◆ **ASSIGNMENT**
Within the listing below, give again exactly the lines between the one containing "MONNAIE FRANCAISE LOT" and the one containing "Rufián ha dirigido", inclusive, pictures left aside.

SUPPLIED MATERIAL Block Start

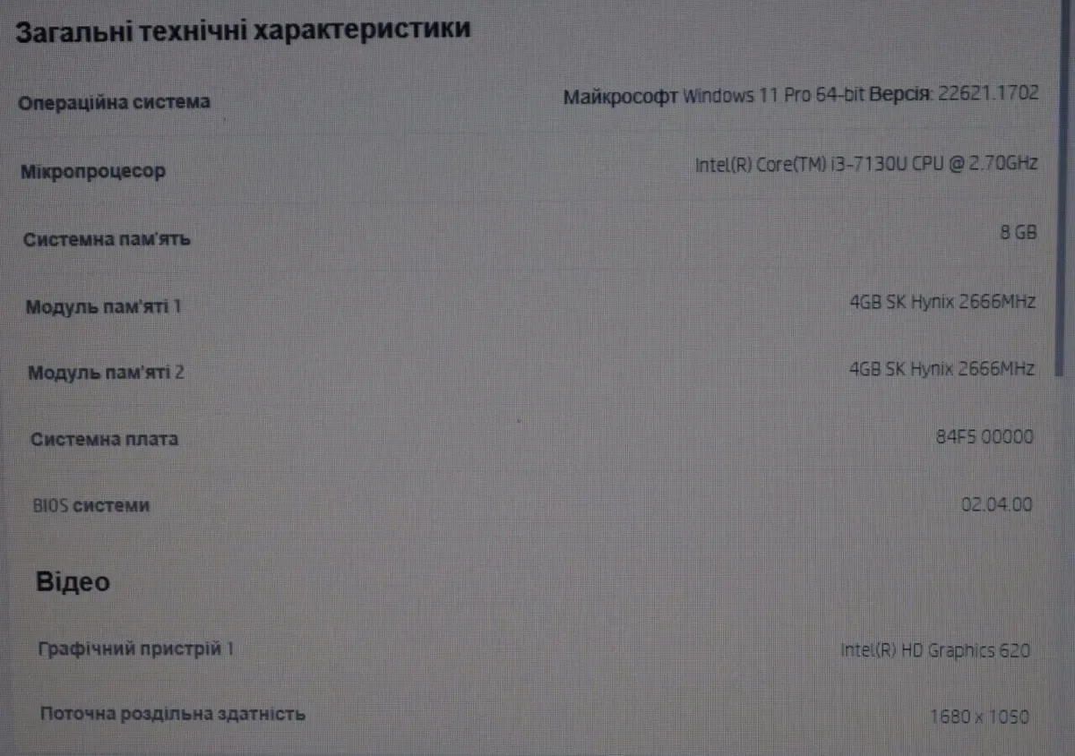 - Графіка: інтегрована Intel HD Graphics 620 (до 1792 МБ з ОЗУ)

SUPPLIED MATERIAL Block End
SUPPLIED MATERIAL Block Start

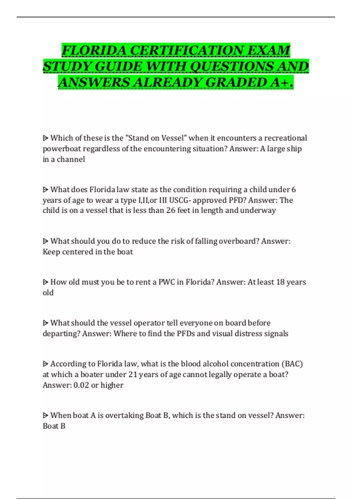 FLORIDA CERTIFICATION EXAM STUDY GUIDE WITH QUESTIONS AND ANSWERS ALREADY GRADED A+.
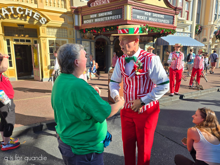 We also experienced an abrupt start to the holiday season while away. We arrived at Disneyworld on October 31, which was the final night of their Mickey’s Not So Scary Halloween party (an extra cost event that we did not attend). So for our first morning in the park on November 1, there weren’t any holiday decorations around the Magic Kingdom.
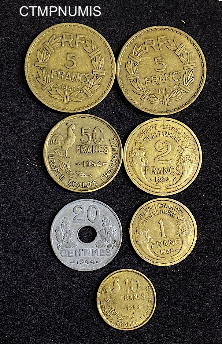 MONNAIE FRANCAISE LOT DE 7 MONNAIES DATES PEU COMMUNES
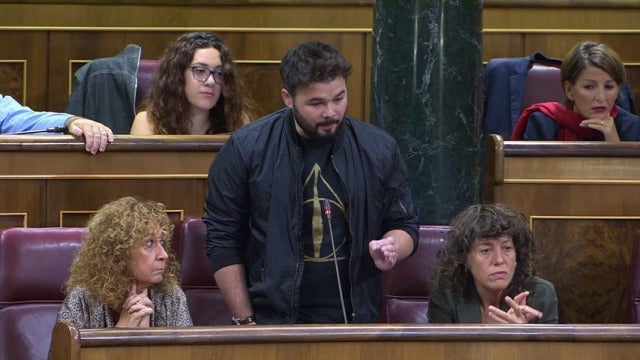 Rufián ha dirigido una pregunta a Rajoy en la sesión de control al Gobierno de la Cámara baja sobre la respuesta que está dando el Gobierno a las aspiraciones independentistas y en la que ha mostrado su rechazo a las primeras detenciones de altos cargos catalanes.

SUPPLIED MATERIAL Block End

◆ **RESPONSE AREA**
 MONNAIE FRANCAISE LOT DE 7 MONNAIES DATES PEU COMMUNES
 Rufián ha dirigido una pregunta a Rajoy en la sesión de control al Gobierno de la Cámara baja sobre la respuesta que está dando el Gobierno a las aspiraciones independentistas y en la que ha mostrado su rechazo a las primeras detenciones de altos cargos catalanes.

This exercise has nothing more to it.